Each line below is to be repeated exactly; any picture is to be left out.

- **COLLECTED DATA**

━━━━━━━━━━

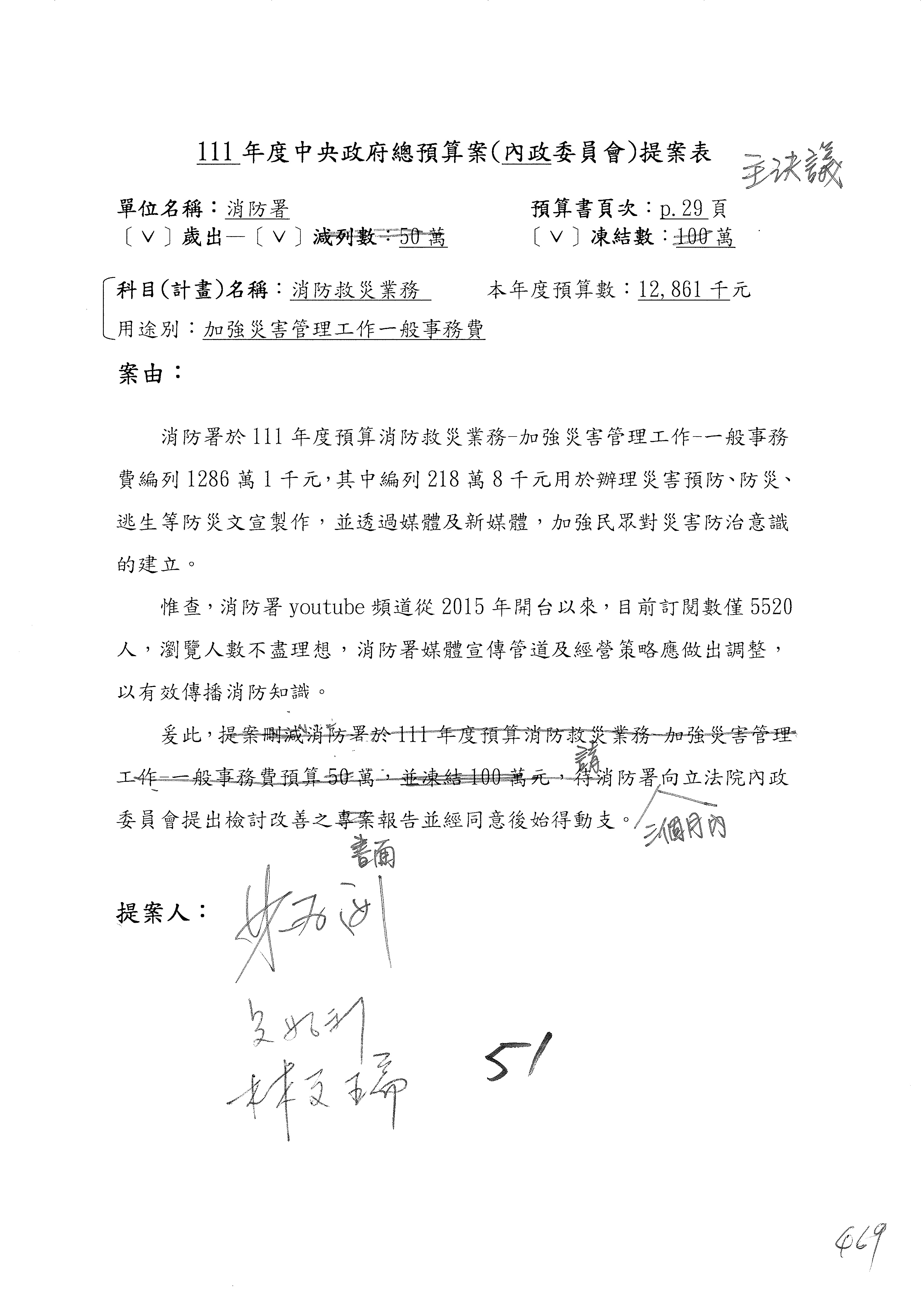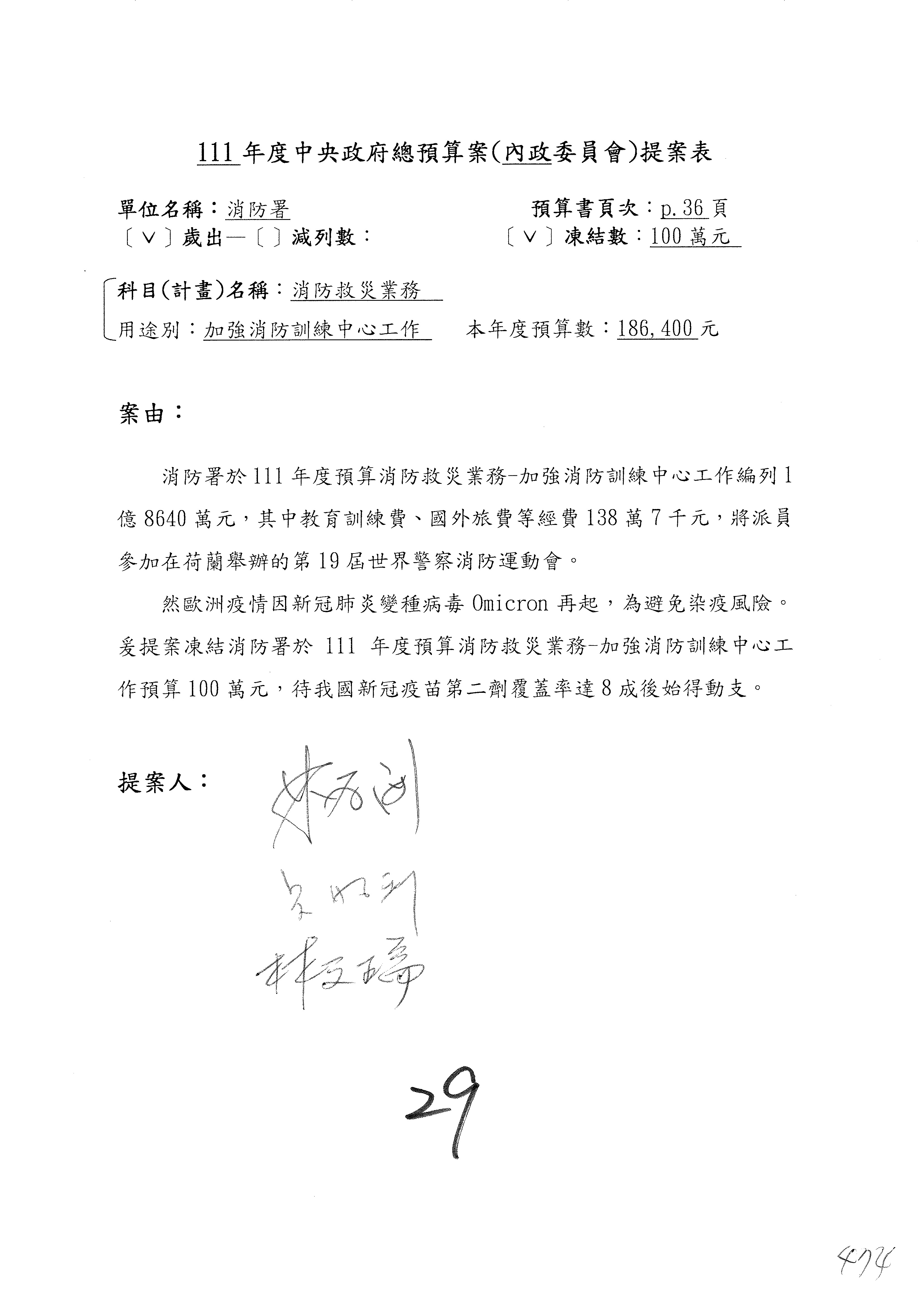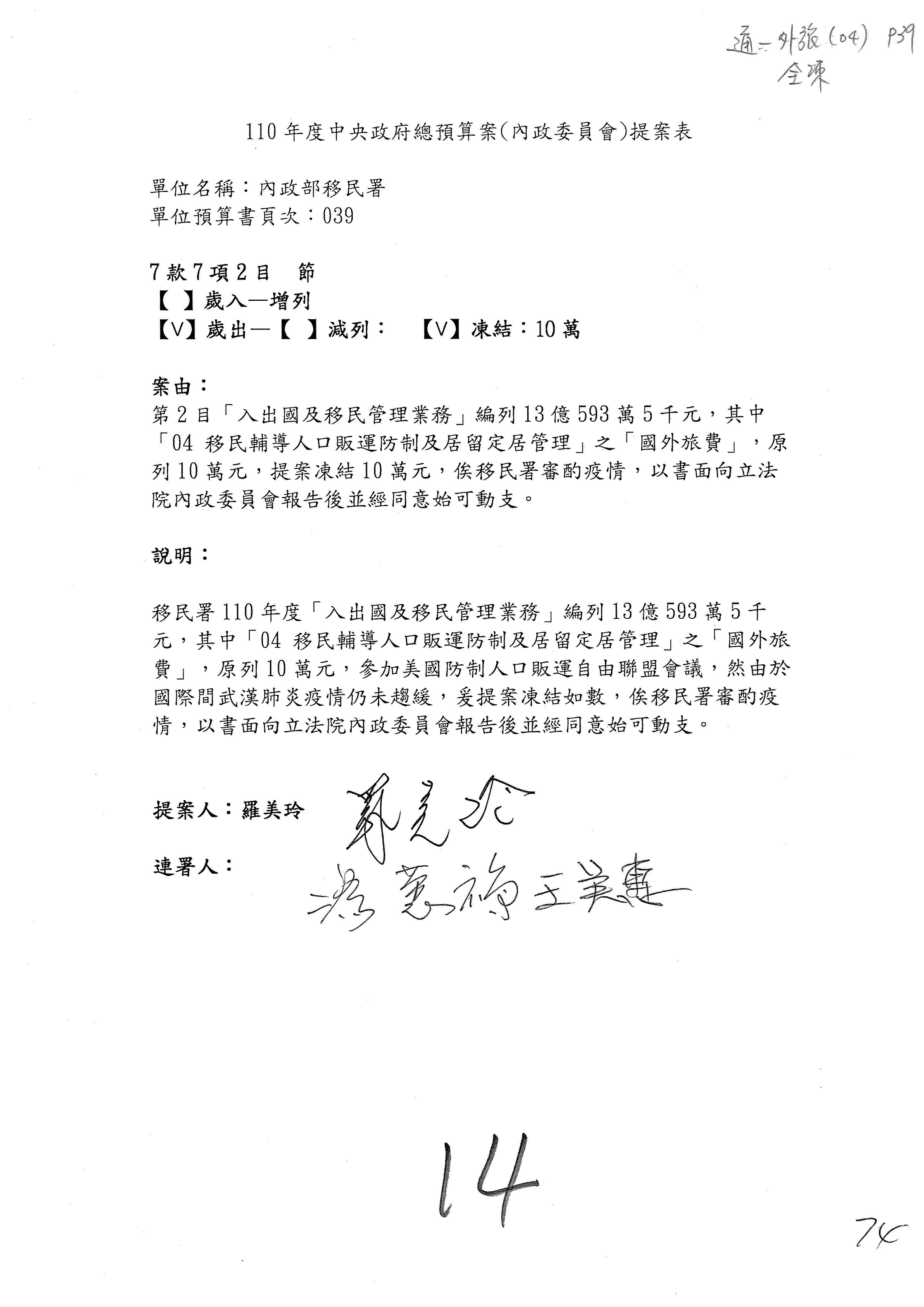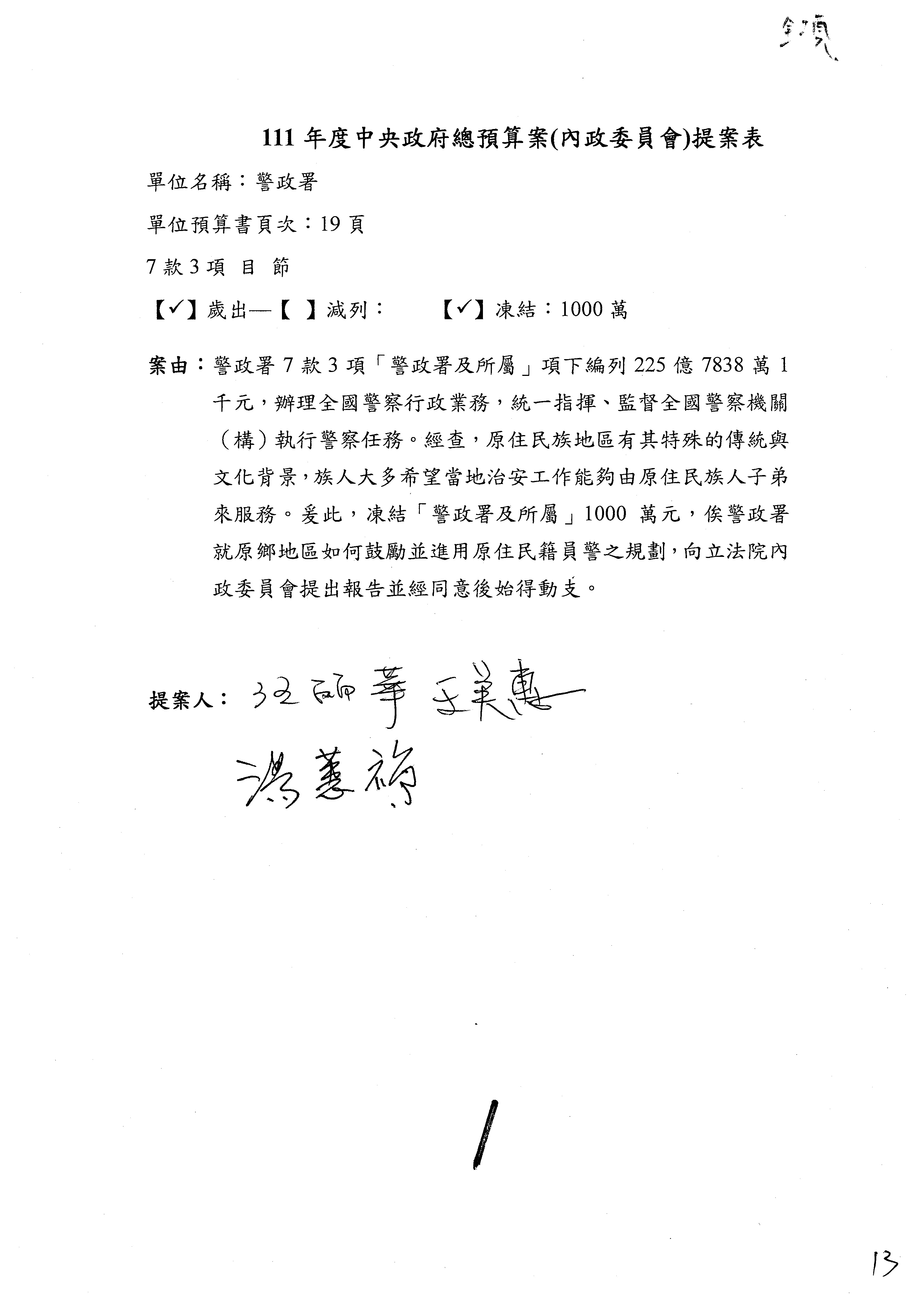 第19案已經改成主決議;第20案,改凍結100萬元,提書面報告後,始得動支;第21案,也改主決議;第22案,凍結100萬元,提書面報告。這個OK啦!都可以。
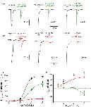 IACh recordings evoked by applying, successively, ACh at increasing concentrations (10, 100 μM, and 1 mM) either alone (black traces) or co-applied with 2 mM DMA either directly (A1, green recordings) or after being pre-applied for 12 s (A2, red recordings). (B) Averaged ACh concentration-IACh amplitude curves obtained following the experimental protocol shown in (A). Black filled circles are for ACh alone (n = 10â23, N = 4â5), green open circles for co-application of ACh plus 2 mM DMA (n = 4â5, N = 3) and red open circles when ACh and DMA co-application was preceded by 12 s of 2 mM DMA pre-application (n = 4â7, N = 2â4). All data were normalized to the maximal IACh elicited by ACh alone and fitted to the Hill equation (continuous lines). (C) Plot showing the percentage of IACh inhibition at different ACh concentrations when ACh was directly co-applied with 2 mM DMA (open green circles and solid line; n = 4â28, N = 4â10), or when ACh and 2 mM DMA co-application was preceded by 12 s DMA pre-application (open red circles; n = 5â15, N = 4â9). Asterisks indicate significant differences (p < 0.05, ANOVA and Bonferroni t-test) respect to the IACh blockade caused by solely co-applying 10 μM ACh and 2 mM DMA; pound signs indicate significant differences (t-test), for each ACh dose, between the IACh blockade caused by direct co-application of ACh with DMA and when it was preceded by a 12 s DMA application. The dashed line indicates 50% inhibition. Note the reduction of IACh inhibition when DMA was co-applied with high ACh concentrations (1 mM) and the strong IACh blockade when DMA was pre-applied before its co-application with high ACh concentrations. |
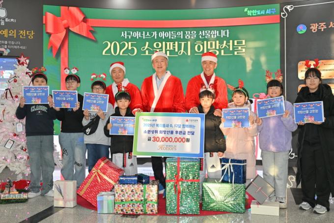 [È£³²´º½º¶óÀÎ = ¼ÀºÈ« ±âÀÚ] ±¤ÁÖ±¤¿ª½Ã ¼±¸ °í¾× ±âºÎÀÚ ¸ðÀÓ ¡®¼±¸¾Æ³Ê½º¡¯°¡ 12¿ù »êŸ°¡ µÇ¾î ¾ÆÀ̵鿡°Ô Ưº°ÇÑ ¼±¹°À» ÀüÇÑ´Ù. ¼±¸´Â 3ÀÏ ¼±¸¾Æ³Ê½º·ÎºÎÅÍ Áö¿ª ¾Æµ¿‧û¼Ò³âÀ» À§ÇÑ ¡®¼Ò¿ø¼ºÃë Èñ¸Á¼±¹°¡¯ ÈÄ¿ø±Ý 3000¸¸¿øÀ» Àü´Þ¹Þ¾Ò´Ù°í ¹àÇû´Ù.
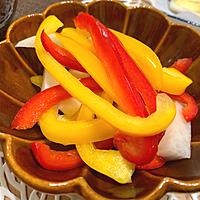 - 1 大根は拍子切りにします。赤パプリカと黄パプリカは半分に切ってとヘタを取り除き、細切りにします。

━━━━━━━━━━

- **RESULT OF THIS EXERCISE**
 第19案已經改成主決議;第20案,改凍結100萬元,提書面報告後,始得動支;第21案,也改主決議;第22案,凍結100萬元,提書面報告。這個OK啦!都可以。
 IACh recordings evoked by applying, successively, ACh at increasing concentrations (10, 100 μM, and 1 mM) either alone (black traces) or co-applied with 2 mM DMA either directly (A1, green recordings) or after being pre-applied for 12 s (A2, red recordings). (B) Averaged ACh concentration-IACh amplitude curves obtained following the experimental protocol shown in (A). Black filled circles are for ACh alone (n = 10â23, N = 4â5), green open circles for co-application of ACh plus 2 mM DMA (n = 4â5, N = 3) and red open circles when ACh and DMA co-application was preceded by 12 s of 2 mM DMA pre-application (n = 4â7, N = 2â4). All data were normalized to the maximal IACh elicited by ACh alone and fitted to the Hill equation (continuous lines). (C) Plot showing the percentage of IACh inhibition at different ACh concentrations when ACh was directly co-applied with 2 mM DMA (open green circles and solid line; n = 4â28, N = 4â10), or when ACh and 2 mM DMA co-application was preceded by 12 s DMA pre-application (open red circles; n = 5â15, N = 4â9). Asterisks indicate significant differences (p < 0.05, ANOVA and Bonferroni t-test) respect to the IACh blockade caused by solely co-applying 10 μM ACh and 2 mM DMA; pound signs indicate significant differences (t-test), for each ACh dose, between the IACh blockade caused by direct co-application of ACh with DMA and when it was preceded by a 12 s DMA application. The dashed line indicates 50% inhibition. Note the reduction of IACh inhibition when DMA was co-applied with high ACh concentrations (1 mM) and the strong IACh blockade when DMA was pre-applied before its co-application with high ACh concentrations. |
 [È£³²´º½º¶óÀÎ = ¼ÀºÈ« ±âÀÚ] ±¤ÁÖ±¤¿ª½Ã ¼±¸ °í¾× ±âºÎÀÚ ¸ðÀÓ ¡®¼±¸¾Æ³Ê½º¡¯°¡ 12¿ù »êŸ°¡ µÇ¾î ¾ÆÀ̵鿡°Ô Ưº°ÇÑ ¼±¹°À» ÀüÇÑ´Ù. ¼±¸´Â 3ÀÏ ¼±¸¾Æ³Ê½º·ÎºÎÅÍ Áö¿ª ¾Æµ¿‧û¼Ò³âÀ» À§ÇÑ ¡®¼Ò¿ø¼ºÃë Èñ¸Á¼±¹°¡¯ ÈÄ¿ø±Ý 3000¸¸¿øÀ» Àü´Þ¹Þ¾Ò´Ù°í ¹àÇû´Ù.
 - 1 大根は拍子切りにします。赤パプリカと黄パプリカは半分に切ってとヘタを取り除き、細切りにします。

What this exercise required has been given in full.